Un pari pour le moins osé et inattendu qui va pourtant permettre à Sarah Brooks de s'amuser à surprendre son lecteur et à donner à son histoire une ambiance assez unique.

Pique-Nique au bord du chemin (de fer)
Au coeur de l'histoire se trouve en réalité une envie évidente de construire une Zone inquiétante avec une véritable identité ou, devrait-on dire, une véritable personnalité.
Les Terres oubliées vont prendre petit à petit le pas sur l'ensemble des personnages présents et s'imposer comme l'attraction principale de ce récit où il importe moins de comprendre ce qu'il se joue en sous-main entre la Compagnie et le reste du monde que de contempler mi-ébahi mi- terrifié les territoires qui mutent sous les yeux de ses passagers et où tout peut devenir danger mortel. Convoquant les fantômes de Stalker et Jules Vernes dans un premier temps, Comment voyager dans les Terres oubliées ressemble de plus en plus à la trilogie Annihilation au fur et à mesure des pages, employant avec la même joie les modifications du vivant et l'imminence d'une contamination écologique venue d'ailleurs.
Il en résulte des scènes assez bluffantes où l'autrice insinue progressivement de grosses doses de fantastique voire d'horreur dans l'ordinaire du train et de ses passagers.
Pour parfaire le tout, Sarah Brooks fait monter à bord un autre personnage clandestin, une certaine Elena, qui semble rapidement ne pas être si humaine que ça, tenant presque du fantôme… et ce n'est pas un hasard quand on connaît l'amour de l'Anglaise pour cette figure fantastique.
L'essentiel reste ici de jongler avec les genres et d'entremêler joyeusement ses fils narratifs pour obtenir un tout assez cohérent afin de donner envie au lecteur de continuer encore et encore à un train d'enfer.

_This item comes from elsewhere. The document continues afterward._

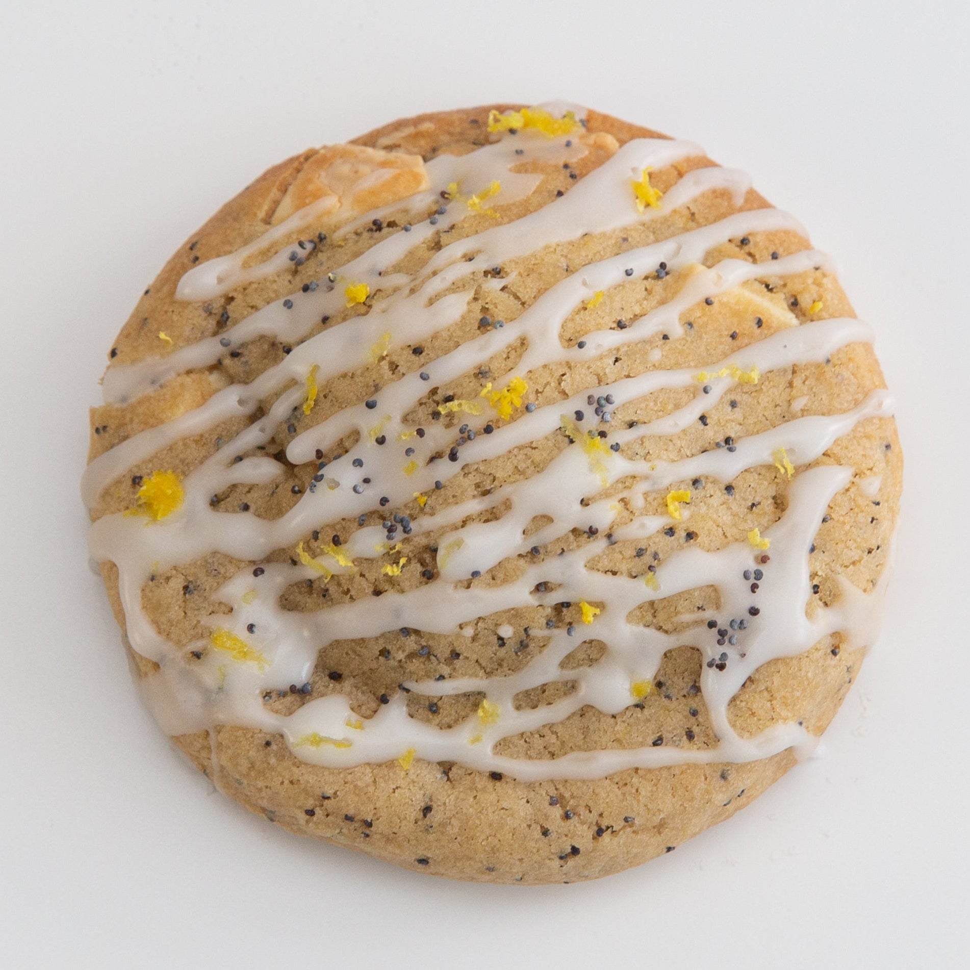 Fresh lemon dough, lemon zest, poppy seeds and white chocolate, drizzled with a fresh lemon icing!

Briser les murs et les frontières
Si l'on s'attend à peu près à l'ensemble des rebondissements de l'enquête menée par Marya Petrovna ainsi que sur les révélations autour d'Elena et de sa véritable nature, c'est bien le sous-texte sur la cupidité humaine ainsi que la peur de la nouveauté, de l'évolution et, dans une certaine mesure, de la différence qui apporte un vrai plus à cette histoire certes efficace mais assez conventionnelle sur le fond.
Sarah Brooks fascine avec son environnement autant qu'elle inquiète.
Le lecteur comme le passager (im)prudent éprouve une sorte d'attraction malsaine pour les Terres oubliées sans comprendre également que c'est sa propre peur qui limite sa compréhension du phénomène.
La première réaction est donc d'enfermer ces choses inquiétantes loin de l'humanité, entre de larges murs ou derrière des compartiments spécialement conçus. Et si, au fond, tout ça n'était pas si dangereux qu'on le pense ? Et si c'était la peur du changement, du retour à une certaine forme d'évolution naturelle qui retenait véritablement l'humanité ?
En face, la Compagnie, sorte de multinationale avide de pouvoir, qui incarne un conservatisme cupide prêt à tout pour défendre ses intérêts.
C'est donc en quelque sorte un message écologique que livre Sarah Brooks dans un pur récit d'aventures chimériques où le melting-pot d'influences improbables accouchent d'un roman addictif et plus intéressant qu'il ne l'aurait été dans un monde complètement réaliste.
Au fond, il faut tenter de briser les frontières de genres pour pénétrer pleinement dans l'oeuvre de Sarah Brooks comme celle-ci tente d'infiltrer les Terres oubliées au sein d'une société rongée par la peur et l'immobilisme.

Roman surprenant qui refuse les cases et qui se lit comme un vrai page-turner, Comment voyager dans les terres oubliées constitue certainement un divertissement parfait pour ceux qui veulent quelque chose d'à la fois différent et (étrangement) familier. Sarah Brooks réussit avec brio à hybrider les influences et offre un voyage où l'on reste jusqu'à la fin.